Transcriptional program of Golgi biogenesis


Dept. of Biomedical Engineering - Eindhoven University of Technology - Eindhoven - NETHERLANDS


Lab. of Cellular and Molecular Basis of Diseases - Wadsworth Center - Albany - USA


Cell Biology and Disease Mechanism Program - Telethon Institute of Genetics and Medicine (TIGEM) - Pozzuoli - ITALY

The main objective of our proposal is to reveal the transcriptional program that governs Golgi biogenesis. Synthesis of new Golgi components is required in a large cohort of physiological processes ranging from cell growth to tissue biogenesis. However, how transcription contributes to Golgi biogenesis has yet to be sufficiently understood.
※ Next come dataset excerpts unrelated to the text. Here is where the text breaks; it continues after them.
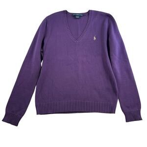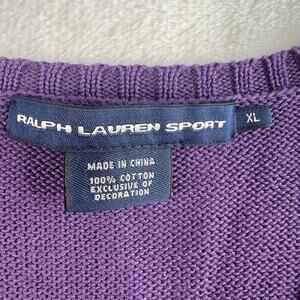Ralph Lauren Sport XL Sweater Purple V-Neck Multi Color Pony Vtg Y2K Academia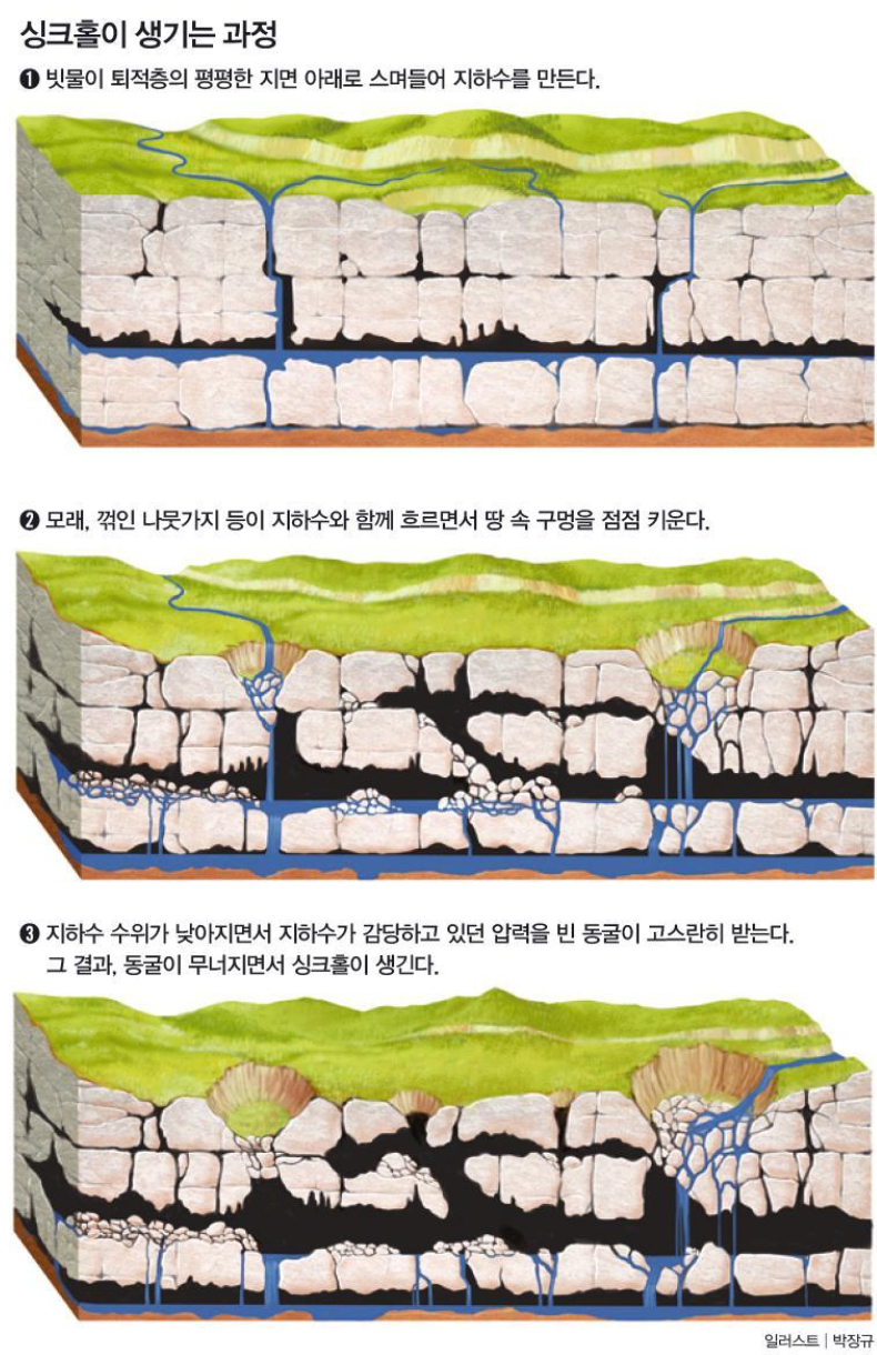 싱크홀은 지반이 갑자기 꺼지면서 발생하는 현상으로,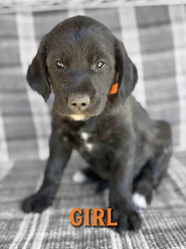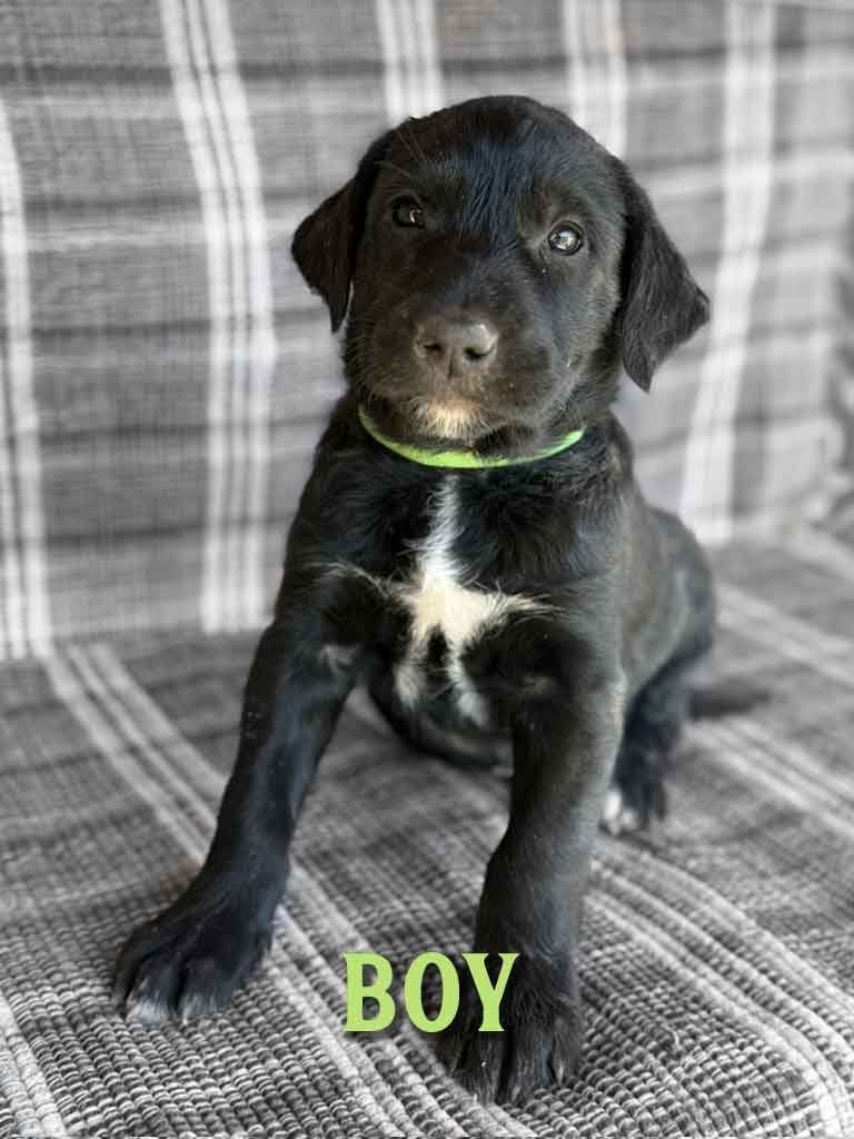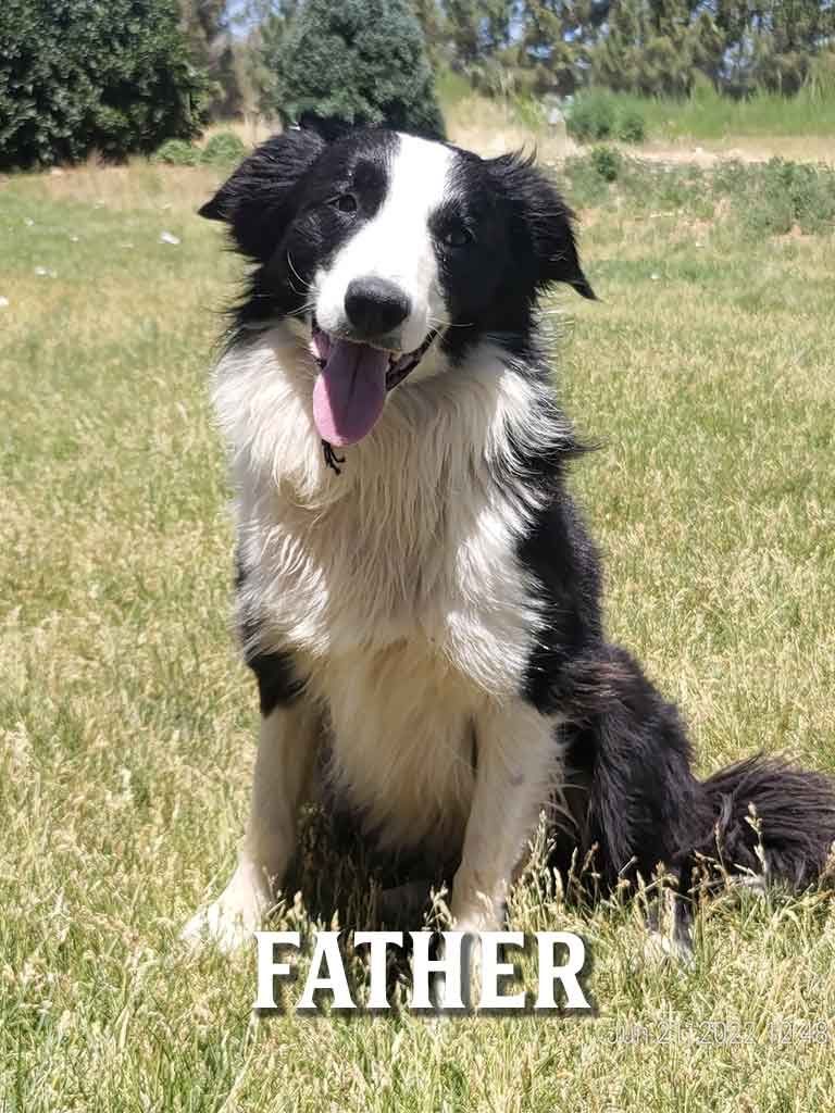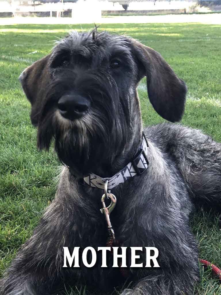 Mother is a purebred Giant Schnauzer (salt and pepper brown tones) and the father is a purebred Border Collie (black and white). Our dogs have been raised with our kids and around farm animals including cats. They are good family companions and are true Velcro dogs that love their people. Your Giant Border Schlollie will be an all around easy going dog with energy to burn.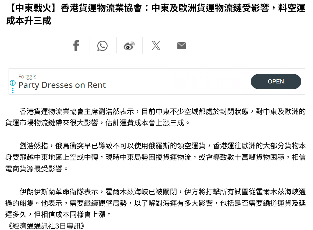 【中東戰火】香港貨運物流業協會:中東及歐洲貨運物流鏈受影響,料空運成本升三成

Although several mechanisms regulating expression of Golgi genes have been described, their specificity for Golgi biogenesis remains controversial because they emerged from studying pleotropic responses to drugs, toxins, and ER stress that occur in the presence of resident Golgi (or at least its main constituents). HERE WE PROPOSE TO ANALYZE HOW THE CELL REGULATES TRANSCRIPTION TO BUILD THE GOLGI FROM SCRATCH AFTER PHYSICAL REMOVAL OF THIS ORGANELLE. To achieve this challenging objective, the Golgi-containing portion of the cytoplasm will be severed by a laser from the rest of the cell, shaped by microfabricated patterns to be amenable for such Golgi nanosurgery. This procedure triggers a massive de novo assembly of the Golgi in the remaining part of the cell (karyoplast) that contains the nucleus. Golgi biogenesis in the karyoplast occurs in the absence of a preexisting Golgi organelle enabling a straightforward analysis of the transcriptional mechanisms required to build a new Golgi. This analysis will be done by collecting karyoplasts at different stages of Golgi recovery for single cell RNA-seq. A key to the success of our strategy is the international team of investigators with interdisciplinary expertise in laser nanosurgery, transcriptomics, microfabrication and high content screening of bioengineered materials. Analysis of the transcriptome during the de novo assembly of the Golgi will unveil (i) how transcription of various genes correlates with various stages of Golgi regeneration, (ii) which signaling mechanisms are involved in this process, and (iii) which transcription factors drive Golgi biogenesis. We will establish how this transcriptional program operates in processes that require active Golgi biogenesis, specifically cell growth during preparation for division, accelerated secretion, and cell differentiation. Finally, using microfabricated scaffolds and growth patterns we will explore how this Golgi-specific transcriptional program could be controlled to promote engineering of bone and muscle tissue.